2.06.2019
A sensor from the enormous Antarctic observatory IceCube has joined the permanent collection of the Smithsonian Institution.
Headquartered at the University of Wisconsin–Madison, IceCube uses thousands of these sensors embedded in a cubic kilometer of ice underneath the South Pole to track neutrinos, invisible subatomic particles that traverse space at nearly the speed of light. The sensors, called digital optical modules, or DOMs, detect the flash of blue light created when a neutrino crashes into a molecule of ice.

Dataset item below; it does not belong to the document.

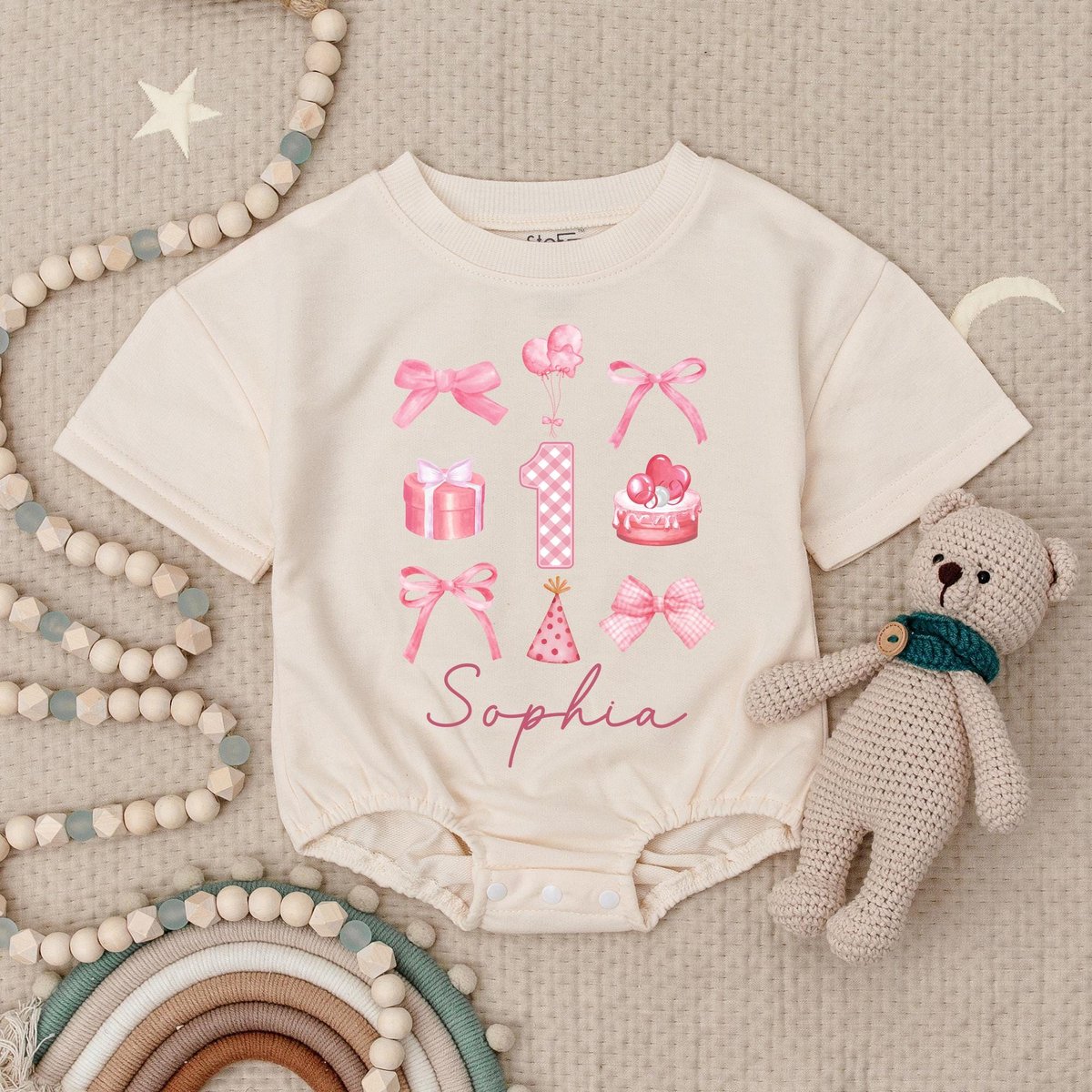 Personalized Name Cute Bow Birthday Baby Romper 1st Birthday Bodysuit For Baby Pink Bows Birthday Cu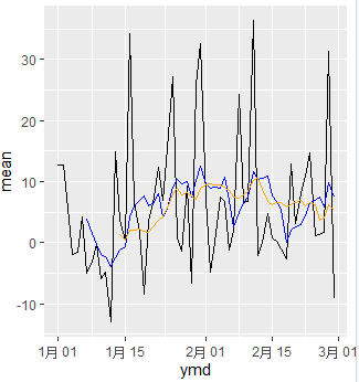 geom_line(aes(x=ymd, y=mav14), color="orange")

In 2018, IceCube reported that they had detected a high-energy neutrino coming from the supermassive black hole at the center of a distant galaxy near the constellation Orion. The results solved a century-old mystery about the origin of cosmic rays — energetic particles that constantly pelt Earth’s atmosphere.
The Smithsonian received the DOM, which was manufactured at UW–Madison’s Physical Sciences Laboratory in Stoughton, Wis., in early May.
“Having this DOM preserved in the annals of history in the Smithsonian collection is very gratifying feeling,” says Kael Hanson, the director of operations for IceCube and a professor of physics at UW–Madison.
David DeVorkin, the curator for the history of astronomy at the Smithsonian’s National Air and Space Museum, nominated the IceCube DOM for inclusion in the collection because of the project’s role in the development of multi-messenger astrophysics. This developing field relies on signals, or messengers, that go beyond light, such as gravitational waves or particles like neutrinos, to better understand the universe.
IceCube’s discovery of the origin of cosmic rays was a prime example of the power of multi-messenger astronomy. The finding relied on years of neutrino data collected by IceCube as well as light across the energy spectrum gathered by more than a dozen telescopes. The results were announced in July of 2018 at the headquarters of the National Science Foundation, the principal funder of IceCube, which encompasses 300 scientists from institutions around the world.
“It’s a dramatic instrument,” DeVorkin says of IceCube. “It was very creative in using the rigid structure of the ice sheet to maintain these detectors, providing much greater resolution.”
The DOMs were designed at the Physical Sciences Laboratory to withstand the crushing pressures found underneath up to a mile and a half of ice. More than 5,000 sensors are deployed on 86 strings that IceCube scientists installed in the ice over seven Antarctic summers using a hot-water drill that was also designed at the Physical Sciences Laboratory in Stoughton.
“We’ve been improving the design of these optical sensors we put down in the South Pole ice ever since the mid-90s,” says Hanson. “Some of them have been in the ice for 15 years and we still have 98 percent of them working, so it’s a tribute to all the engineering and the hard work of the entire team that went into designing them.”
DeVorkin is now helping develop a new exhibition slated for a future gallery as part of the renovation of the museum’s building in Washington, D.C., which will highlight the increasing clarity about our universe provided by multi-messenger collaborations like IceCube.
“Collecting the object’s one thing, but what story it tells to the public is a whole other element,” says DeVorkin.